*** Opening DATASET ***
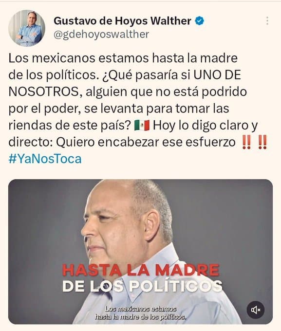 “Los mexicanos estamos hasta la madre de los políticos, sexenio tras sexenio, nos han demostrado que son unos incompetentes y que tienen otras prioridades más importantes que tú y que yo. ¿Qué pasaría si uno de nosotros se levanta para tomar las riendas de este país? Alguien que sienta lo mismo que nosotros. A mí me preocupa mi familia, mi trabajo y mi país. Tengo la misma sangre que tú, alguien que no está podrido del poder. Soy Gustavo de Hoyos, orgullosamente norteño y fronterizo, no vivo de la política, y así como en mis negocios y mi vida privada, me gusta ser claro y directo. Yo estoy listo y me apunto, yo quiero encabezar ese esfuerzo”, expresó.
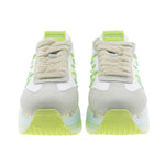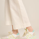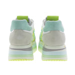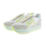 Beth sneaker, version 7374. White nylon upper with a gray and green suede toe and heel. Lime-colored logo with soft green pearls and gray suede heel detail. Two-tone cotton laces. Triple-stitched sole for extra comfort.
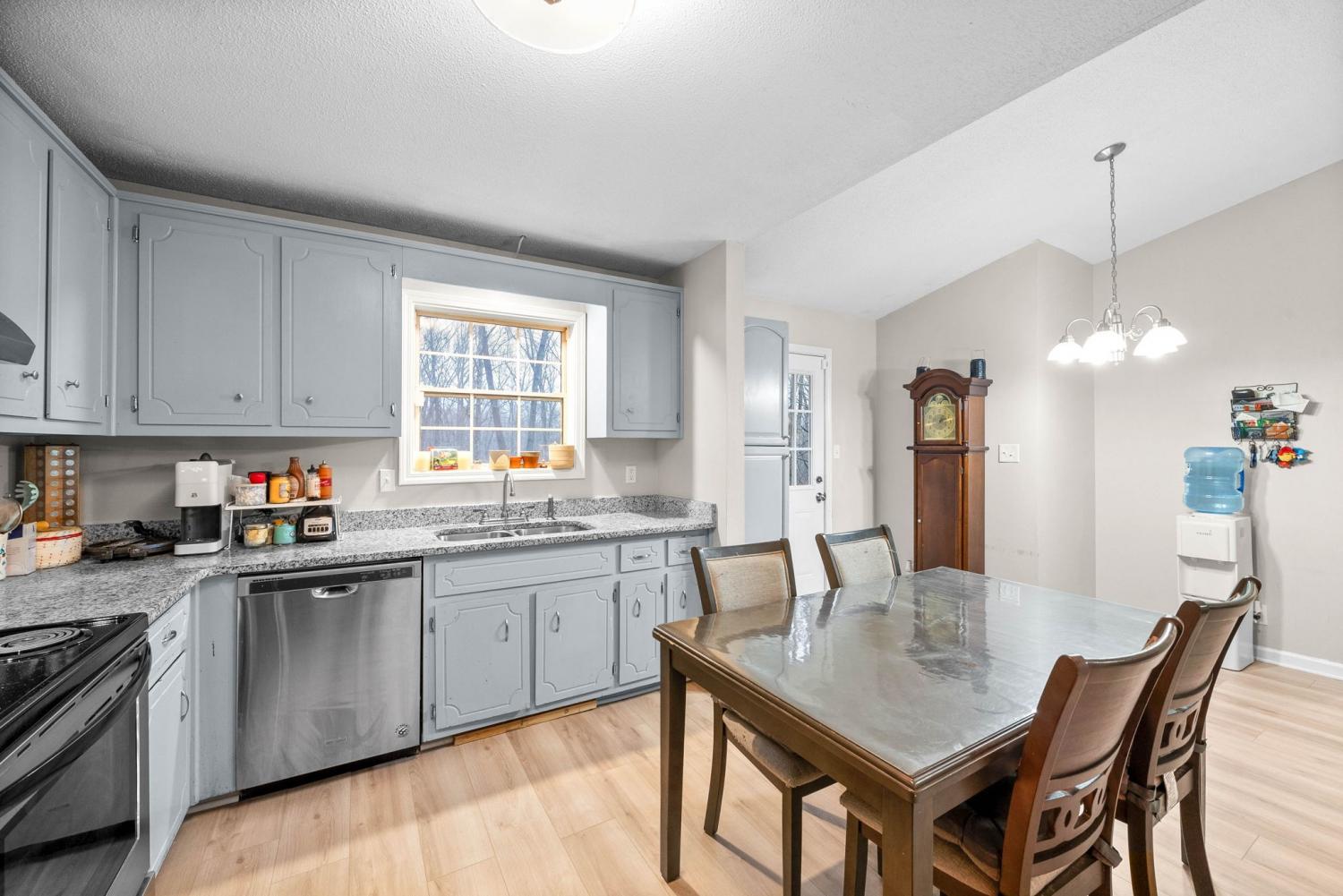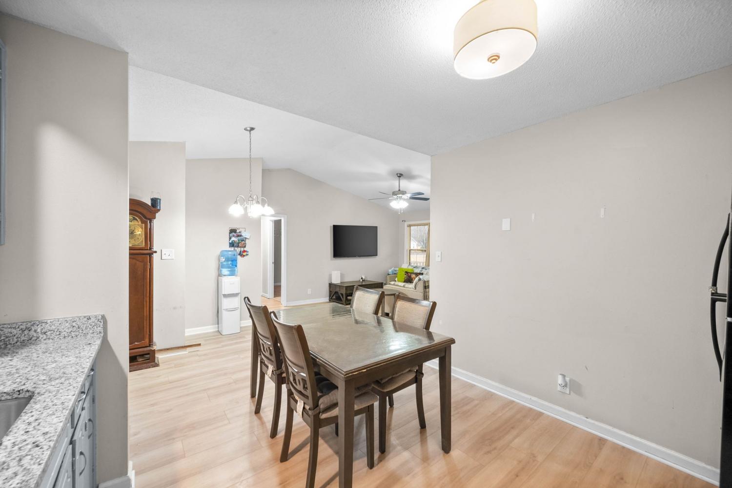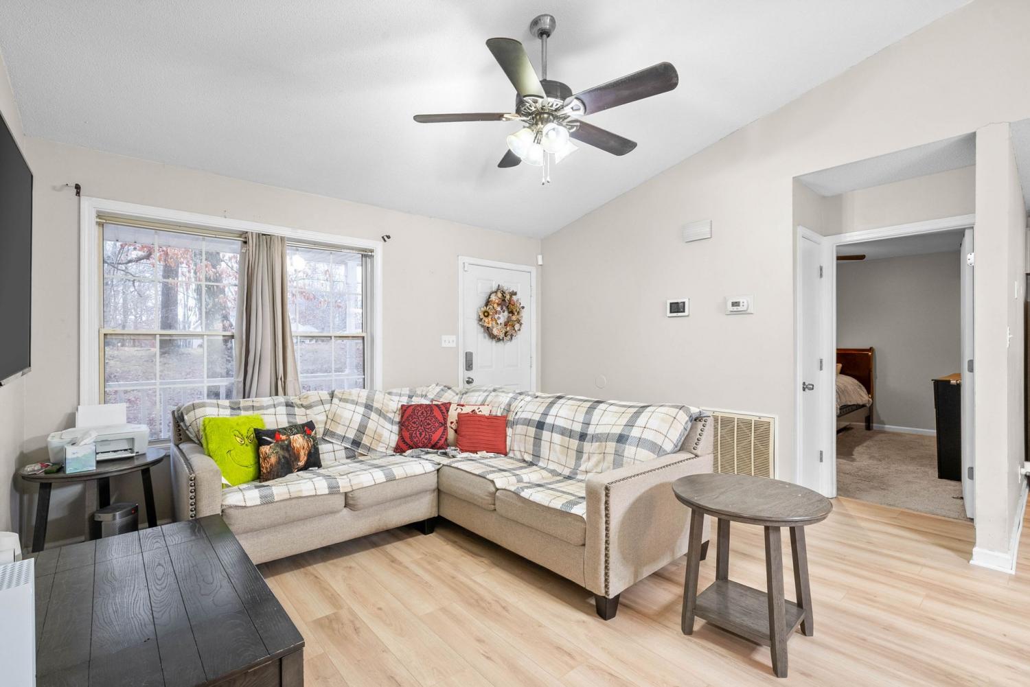 Escape to the peaceful countryside with this beautifully maintained ranch home, situated just outside the city limits. This spacious property offers over an acre of land with NO backyard neighbors, providing plenty of room to enjoy privacy and outdoor activities. Inside, you'll find 3 bedrooms and 2 full bathrooms. The home features a finished basement and built-in storm shelter offering added peace of mind during severe weather. Recent upgrades include a brand new roof and flooring in the main living areas and basement.
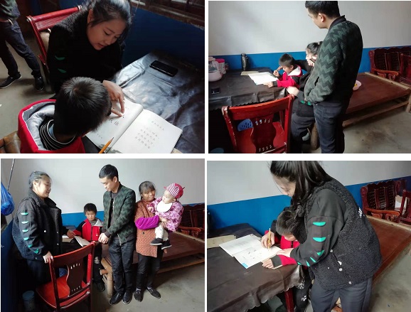 下午1点,在黄山坪学校校长何勇的带领下老师们来到该校辖区的陈家坊镇檀木村8组村民朱军家中,给朱军今年9岁的智障儿子送教。何校长先是询问朱军家中的相关情况,并给朱军智障的二儿子朱晨曦送上教科书、铅笔和写字本等物品,随后,王顼老师用亲切的语言、和蔼的笑容对学生进行教育引导,她采用现场教学,先教学生认读“天、地、人、你、我、他”,然后,王老师手把手地教学生写“天、地、人、你、我、他”等字,同时她应用恰当的教学手段帮助智障学生拓展词汇,活用词语,精心进行康复训练,活动简单有效,得到了家长和当地群众的一致好评。
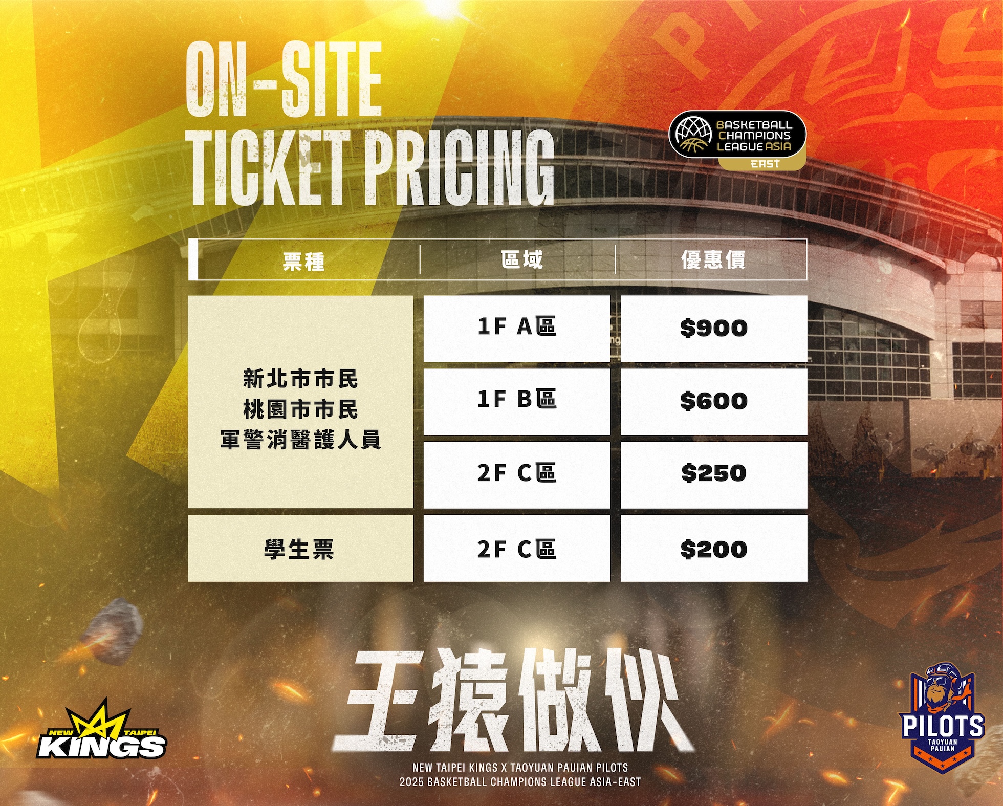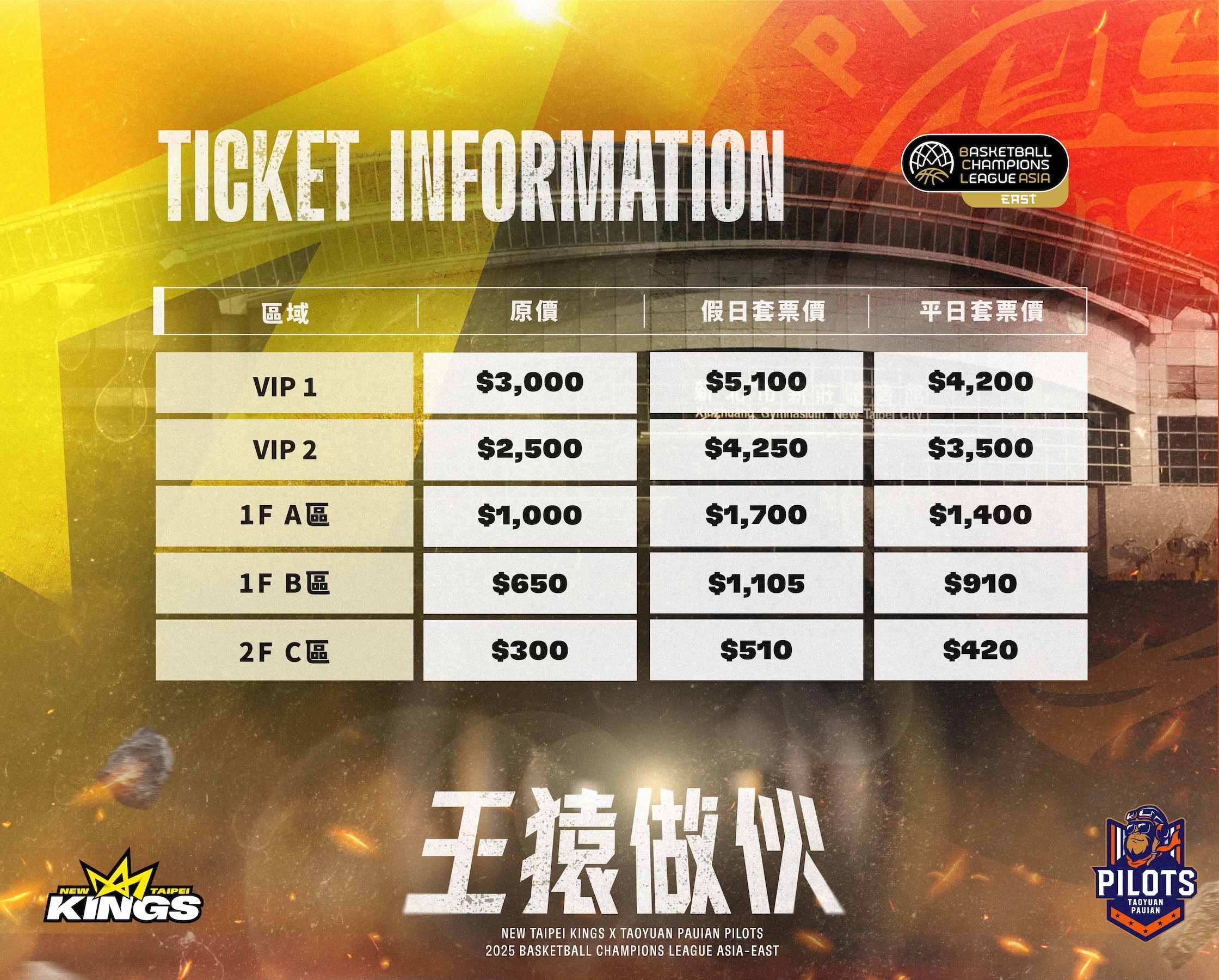 「王猿做伙」BCL臺灣主場票價資訊。(領航猿、國王提供)
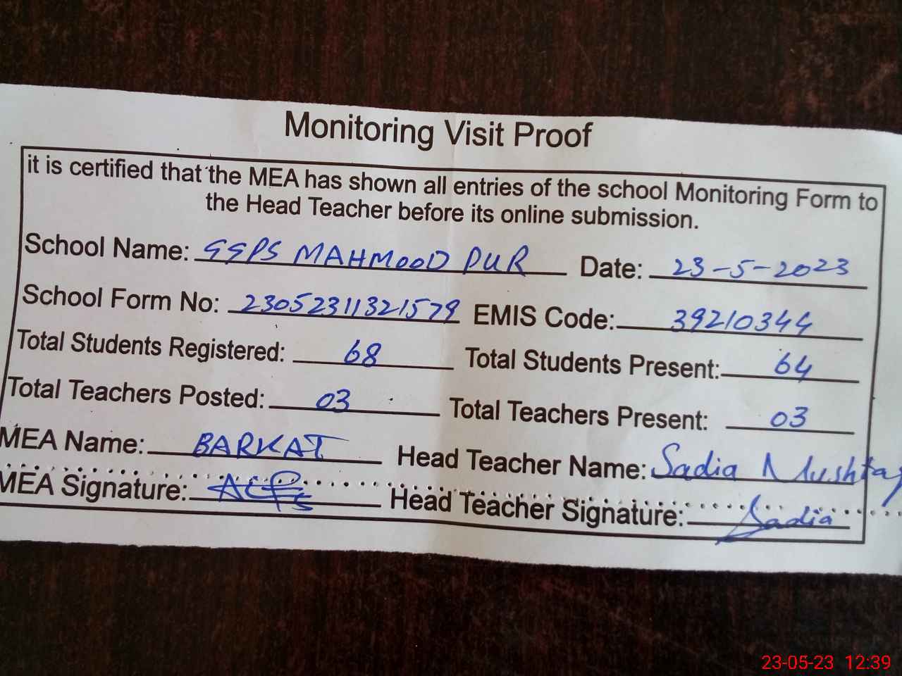 | EMIS Code: 39210344 | Name of School: GGPS MAHMOOD PUR | |||
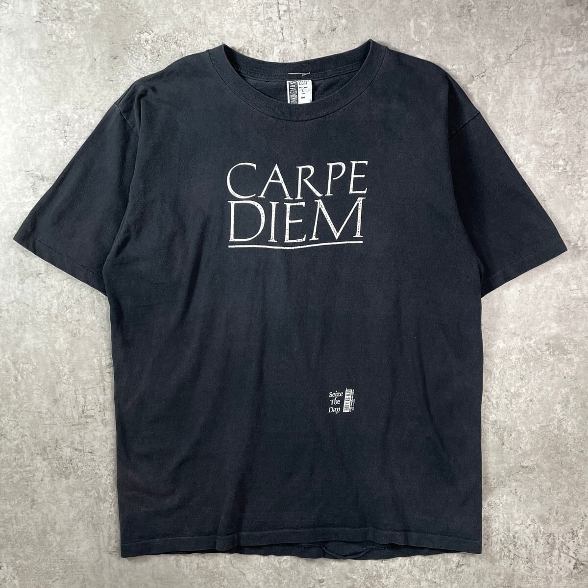 80年代 USA製 CARPE DIEM プリントTシャツ メンズL~XL 古着 80s VINTAGE ヴィンテージ シングルステッチ ラテン語 黒色【Tシャツ】/ブラック【SS50】
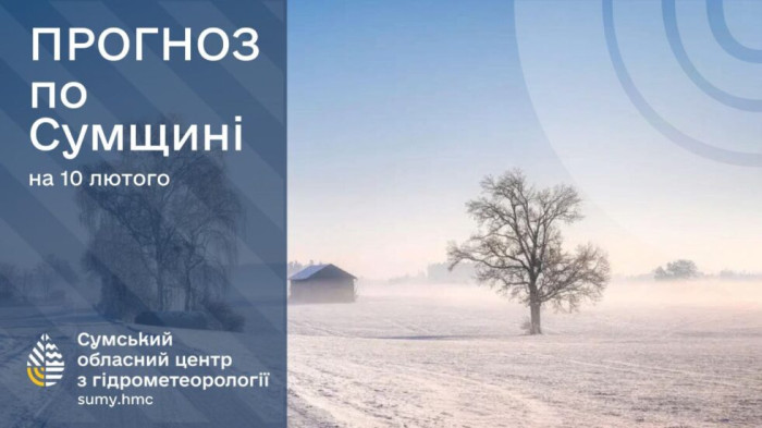 10 лютого: Мінімальна хмарність, без опадів, на дорогах ожеледиця. Вітер південно-західний , 5-10 м/с. Температура повітря по області вночі -19°..-24°, вдень -9°..-14°, по м.Суми вночі -19°..-21°, вдень -11°..-13°.
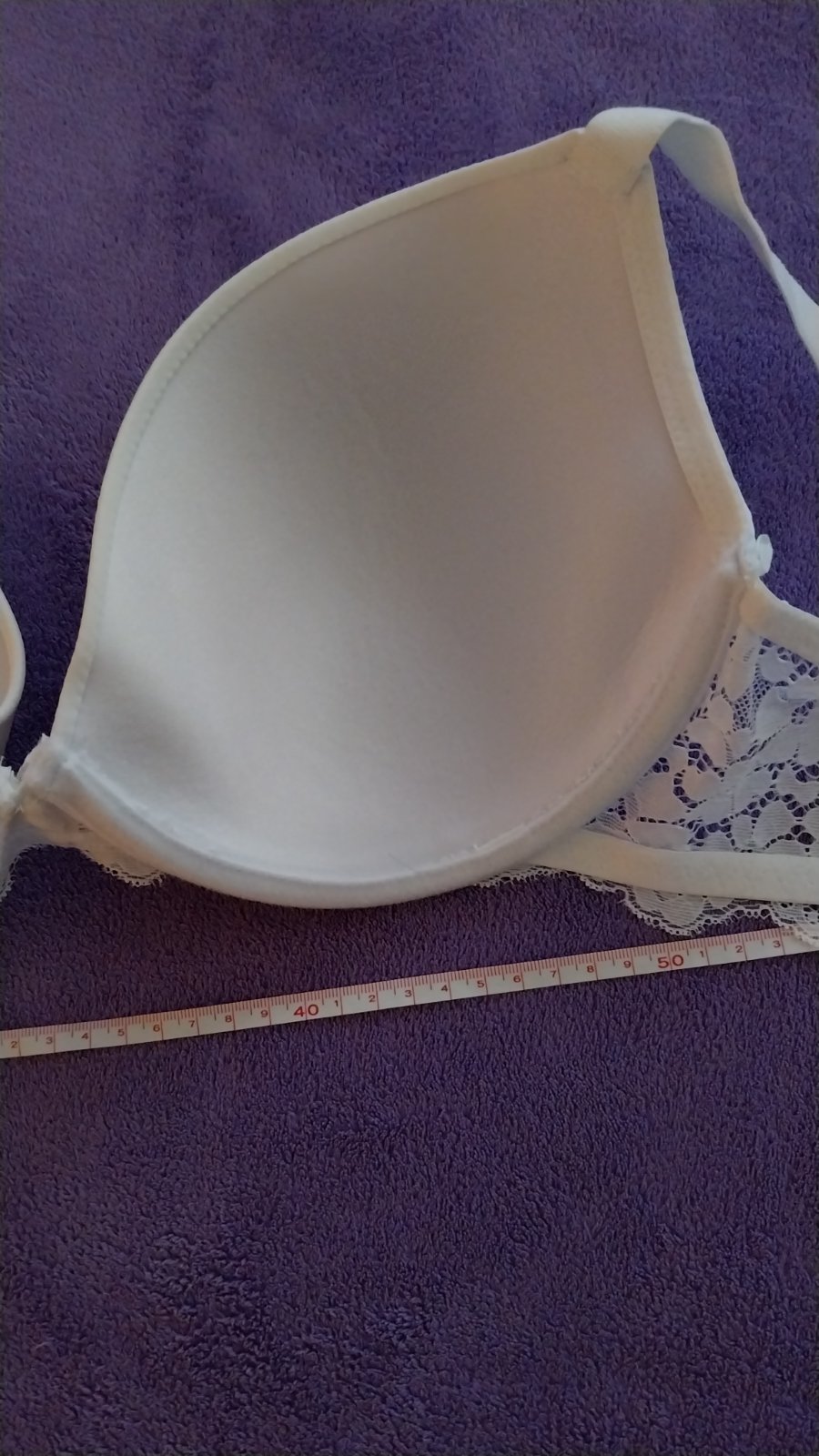 Biela vystužená podprsenka s čipkovaným obvodom , krásna biela farba. Štítok je odstrihnutý, nosená ako 90B.
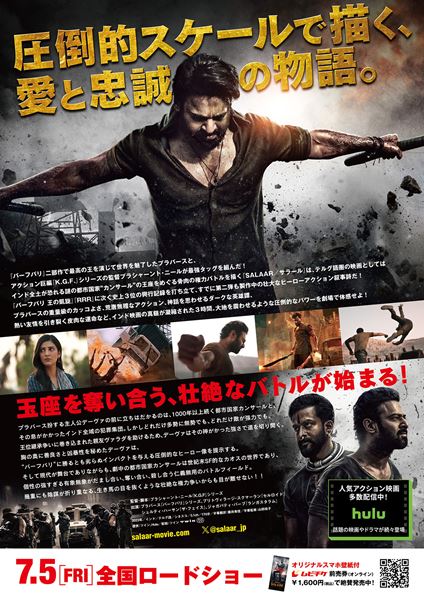『バーフバリ』シリーズのプラバースが主演を務めるヒーローアクション。インドが恐れる謎の都市国家の王位継承争いに巻きこまれた親友を助けるため、超人的な力と頭脳を持つ主人公が立ち向かう。監督は『K.G.F』シリーズのプラシャーント・ニール。共演はプリトヴィラージ・スクマーラン、シュルティ・ハーサン、ジャガパティ・バーブら。
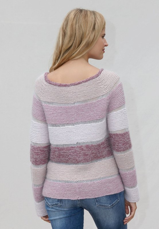 Lana Grossa "Cool Wool Alpaca" (70% Schurwolle, 30% Alpaka, LL ca 140 m/50 g): ca 100 (100-150-150) g Blassrosa Fb 20, ca 100 (150-150-150) g Flieder Fb 21, ca 100 (100-150-150) g Beere Fb 25, ca 100 (150-150-150) g Puderrosa Fb 26 und Lana Grossa "Silkhair" (70% Mohair, 30% Seide, LL ca 210 m/25 g): ca 100 (125-125-125) g Natur Fb 58; Lana Grossa-Rundstricknd 4 mm und 4,5 mm, 80 cm lang, Lana Grossa-Nadelspiel 4 mm und 4,5 mm; 4 Maschenmarkierer.
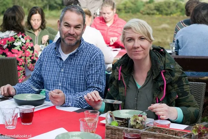 Na zo’n 10 minuten flink tegen de wind in fietsen – wat was ik blij met mijn elektrische fiets, bedankt daarvoor Zeelen fietsverhuur – kwamen we aan bij een wandelpad waar we de fietsen konden stallen. Al wandelend door de bossen kwamen we aan bij een groot veld waar de cranberry’s groeien. Aan de rand van het veld was een soort pop-up restaurant klaargezet. Lange tafels stonden te wachten om gevuld te worden met de lekkerste gerechtjes van de chef van Badhotel Bruin.
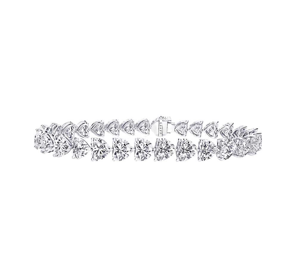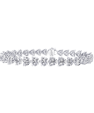 Браслет Graff выполненный из платины 950 пробы и белого золота 750 пробы с 29 бриллиантами формы огранки "Сердце" общей массой 21,81 ct. Fine White/VS+ и 4 бриллиантами классической формы огранки массой 0,02 ct. Ширина кольца - 6,4 мм. Размер - 17,0 см. Вес - 21,50 гр. Полный комплект.
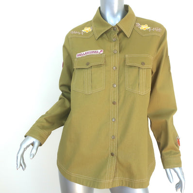 Spell Foxglove Embroidered Shirt Olive Cotton Size Small Long Sleeve T...
*** Closing DATASET ***
▶ _ABOUT THIS TASK_
In the entries above, find the line with "下午1点,在黄山坪学校校长何" and the line with "mm; 4 Maschenmarkierer.". Write out exactly those two lines and every line between them, pictures excluded.

▶ _COMPLETED EXERCISE_
 下午1点,在黄山坪学校校长何勇的带领下老师们来到该校辖区的陈家坊镇檀木村8组村民朱军家中,给朱军今年9岁的智障儿子送教。何校长先是询问朱军家中的相关情况,并给朱军智障的二儿子朱晨曦送上教科书、铅笔和写字本等物品,随后,王顼老师用亲切的语言、和蔼的笑容对学生进行教育引导,她采用现场教学,先教学生认读“天、地、人、你、我、他”,然后,王老师手把手地教学生写“天、地、人、你、我、他”等字,同时她应用恰当的教学手段帮助智障学生拓展词汇,活用词语,精心进行康复训练,活动简单有效,得到了家长和当地群众的一致好评。
 「王猿做伙」BCL臺灣主場票價資訊。(領航猿、國王提供)
 | EMIS Code: 39210344 | Name of School: GGPS MAHMOOD PUR | |||
 80年代 USA製 CARPE DIEM プリントTシャツ メンズL~XL 古着 80s VINTAGE ヴィンテージ シングルステッチ ラテン語 黒色【Tシャツ】/ブラック【SS50】
 10 лютого: Мінімальна хмарність, без опадів, на дорогах ожеледиця. Вітер південно-західний , 5-10 м/с. Температура повітря по області вночі -19°..-24°, вдень -9°..-14°, по м.Суми вночі -19°..-21°, вдень -11°..-13°.
 Biela vystužená podprsenka s čipkovaným obvodom , krásna biela farba. Štítok je odstrihnutý, nosená ako 90B.
『バーフバリ』シリーズのプラバースが主演を務めるヒーローアクション。インドが恐れる謎の都市国家の王位継承争いに巻きこまれた親友を助けるため、超人的な力と頭脳を持つ主人公が立ち向かう。監督は『K.G.F』シリーズのプラシャーント・ニール。共演はプリトヴィラージ・スクマーラン、シュルティ・ハーサン、ジャガパティ・バーブら。
 Lana Grossa "Cool Wool Alpaca" (70% Schurwolle, 30% Alpaka, LL ca 140 m/50 g): ca 100 (100-150-150) g Blassrosa Fb 20, ca 100 (150-150-150) g Flieder Fb 21, ca 100 (100-150-150) g Beere Fb 25, ca 100 (150-150-150) g Puderrosa Fb 26 und Lana Grossa "Silkhair" (70% Mohair, 30% Seide, LL ca 210 m/25 g): ca 100 (125-125-125) g Natur Fb 58; Lana Grossa-Rundstricknd 4 mm und 4,5 mm, 80 cm lang, Lana Grossa-Nadelspiel 4 mm und 4,5 mm; 4 Maschenmarkierer.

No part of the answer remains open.